Source: IDBZ recapitalisation gathers pace | The Herald March 12, 2019
THE Infrastructure Development Bank of Zimbabwe is looking at hiring a financial advisor to help raise as much as $1 billion in fresh capital through a partial privatisation.
In tender published in the Government gazette last Friday, the State-owned bank said the advisor will be expected to provide advice and support for the implementation of the recapitalisation transaction in line with the Government’s privatisation policy.
The financial advisor will also propose recapitalisation options and make appropriate recommendations, prepare the necessary transaction documentation to relevant stakeholders in canvassing foreign and local strategic institutional investors.
The recapitalisation of IDBZ would be done in phases; firstly, raising $500 million in the short to medium term and secondly; further capitalising the bank with the same amount in the long term.
In addition to scaling up the bank’s capital base, the recapitalisation would bring on board investors aligned to IDBZ’s developmental mandate.
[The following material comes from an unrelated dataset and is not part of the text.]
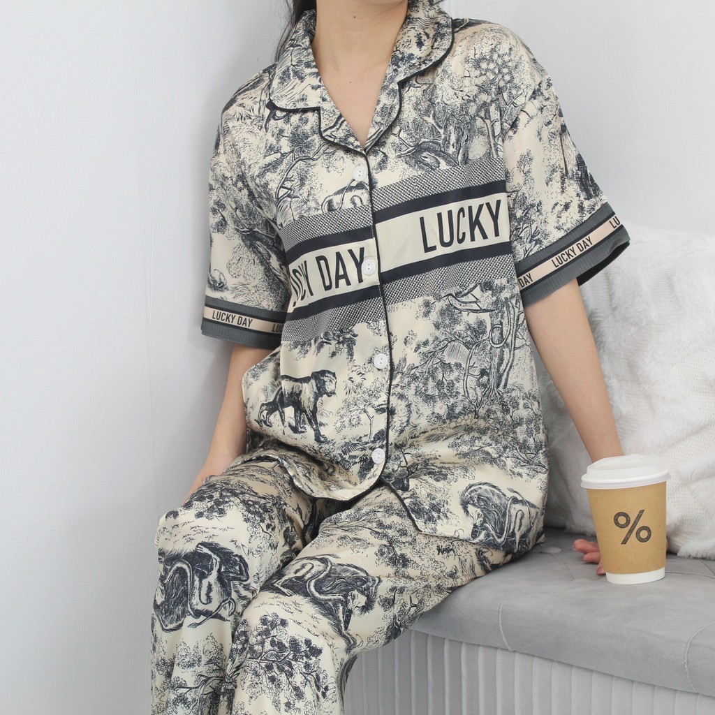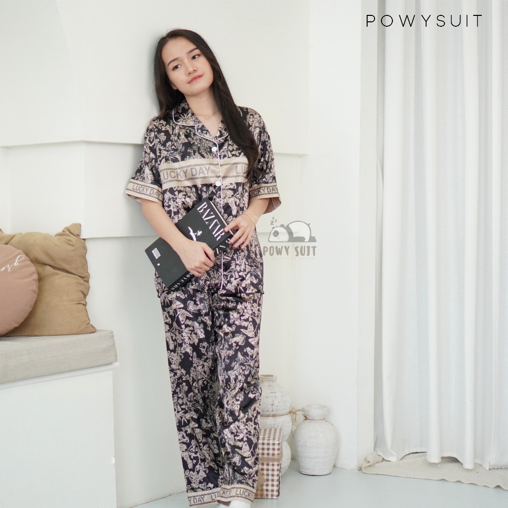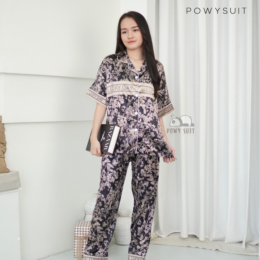 ST41 LUCKY DAY PIYAMA SATIN POWYSUIT BAJU TIDUR WANITA SETELAN LENGAN PENDEK CELANA PANJANG LEMBUT
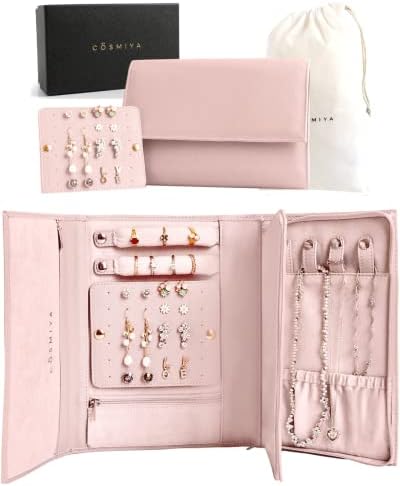 No More Tangled Necklaces – COSMIYA travel earring and necklace organizer features 5 dedicated compartments to keep all your treasures tangle free. A large removable panel for earrings, 4 looped clips and pockets for necklaces, 2 padded ring holders, 2 zipper pockets for watches, bracelets and small traveling accessories

The investor will also be expected to facilitate access to long-term capital suitable for infrastructure projects.
“The Government of Zimbabwe has approved the partial privatisation of the bank to facilitate the desired recapitalisation,” IDBZ said. “Bank now wishes to engage reputable consulting firms to undertake financial advisory services for its recapitalisation.”
Minimum criteria for short-listing of the advisor shall entail, among other things capital markets experience and proven networks within development financial institutions, Multilateral Finance Institutions Sovereign Wealth Funds and Investment Funds. IDBZ is among State-owned entities which the Government listed for immediate privatisation. Some of them include Tel One, Net One and People’s Owns Savings Bank.
Last year, the Government injected $150 million equity capital into the bank to help the institution discharge its mandate of providing long and medium term funding for infrastructure projects.
A strong capital base for IDBZ will enhance its efforts in championing infrastructure development through high impact investment energy, water and sanitation, information and communication technology and housing sector.
The bank’s interventions in these sectors include providing technical capacity building in project preparation, contract negotiations, implementation monitoring, resource mobilising and implementation, knowledge generation and sharing.
Zimbabwe has an estimated infrastructure backlog of $30 billion, according to the Africa Development Bank, after years of little investment into the sector.
Between 2009 and 2016, the Government spent a total of only $2 billion on infrastructure projects, the amount analysts say should have been spent on an annual basis.
The huge debt overhang and arrears to the multi-lateral financial institutions, including the International Monetary Fund and the World Bank also made it difficult for the country to raise long term capital critical for infrastructure projects.
In the absence of significant lines of credit from multi-lateral financial institutions, Zimbabwe has been operating on a tight budget.
The bulk of revenue going towards paying wages, leaving it with little or virtually no money for infrastructure.